A: The idea came to me in early summer 2014. I was in a meeting with twenty environmental scientists. We discussed our visions (nope, we didn’t smoke stuff) and future projects. I wanted to know how to lower a person’s CO2 footprint to the recommended level. To my surprise, none of the people in the room (all senior scientists, all in the environmental and biotech field) knew what the average German CO2 footprint is (11 tonnes of CO2 per person per year), or the recommended level (2.5 tonnes). What surprised me even more was that none of them thought it had anything to do with science to find out how one can lower one’s footprint, that none of them believed it could be done on a per-individual basis, and that some thought new technologies could help us reach the 2.5 tonnes goal. I then asked which technologies could help us reach this goal in the next ten years. The answers were…sobering, to put it mildly.
So a bunch of experienced environmental scientists, who have known about climate change for roughly twenty years, had no idea how to fix it and certainly didn’t think it necessary to change their own habits significantly. This pissed me off so much that I killed ten billion people in my Sci-Fi. Talk about anger management…
Q: So we are all going to die?
A: Yep. The average life expectancy of a human in a first world country is 80 years.
Q: What I meant was — is the science in your Sci-Fi sound?

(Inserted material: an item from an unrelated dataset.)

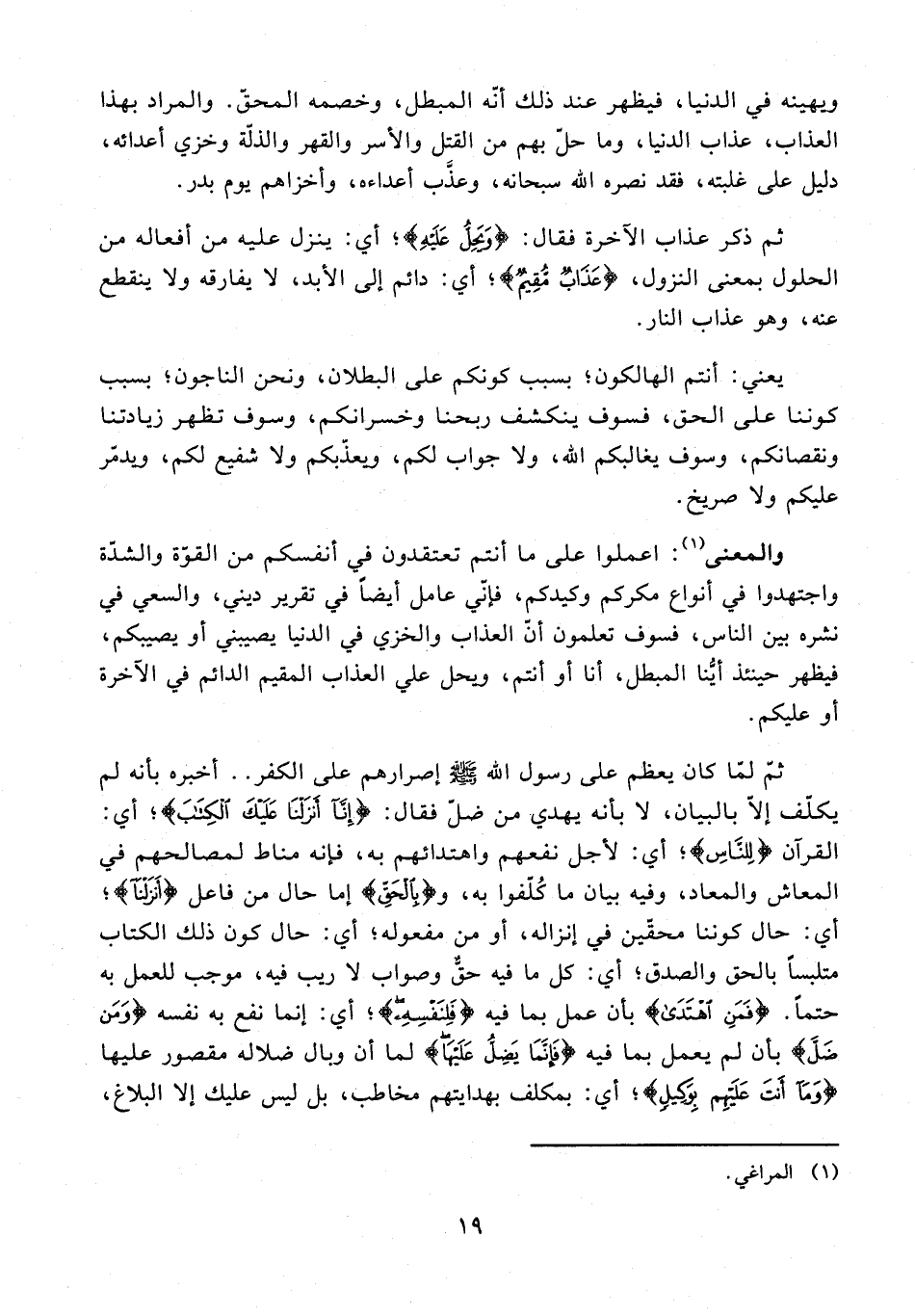 ويهينه في الدنيا، فيظهر عند ذلك أنّه المبطل، وخصمه المحقّ. والمراد بهذا العذاب، عذاب الدنيا، وما حلّ بهم من القتل والأسر والقهر والذلّة وخزي أعدائه، دليل على غلبته، فقد نصره الله سبحانه، وعذَّب أعداءه، وأخزاهم يوم بدر.

A: A simple “yes” doesn’t nail it, so let me put it like this: It is abundantly clear that our planet is warming. But not only the warming itself will change our world as we know it. We are already seeing changing weather patterns with extreme weather and droughts. We are already in the middle of three pandemics: The HIV/Aids pandemic is slowly retreating, the seventh cholera pandemic that started in the 1960s is still not under control, and the tuberculosis pandemic infects roughly one third of the human population. The World Health Organization warns about the spreading of multidrug-resistant tuberculosis bacteria with 900,000 cases each year. Microbiologists warn about the spreading of antibiotics-resistance genes in a great number of pathogenic bacteria, and they expect us to reach a point when antibiotics are no longer effective. Think of Victorian London with diseases like syphilis, cholera, typhus — there were no antibiotics available back then and a lot of people died a gruesome death.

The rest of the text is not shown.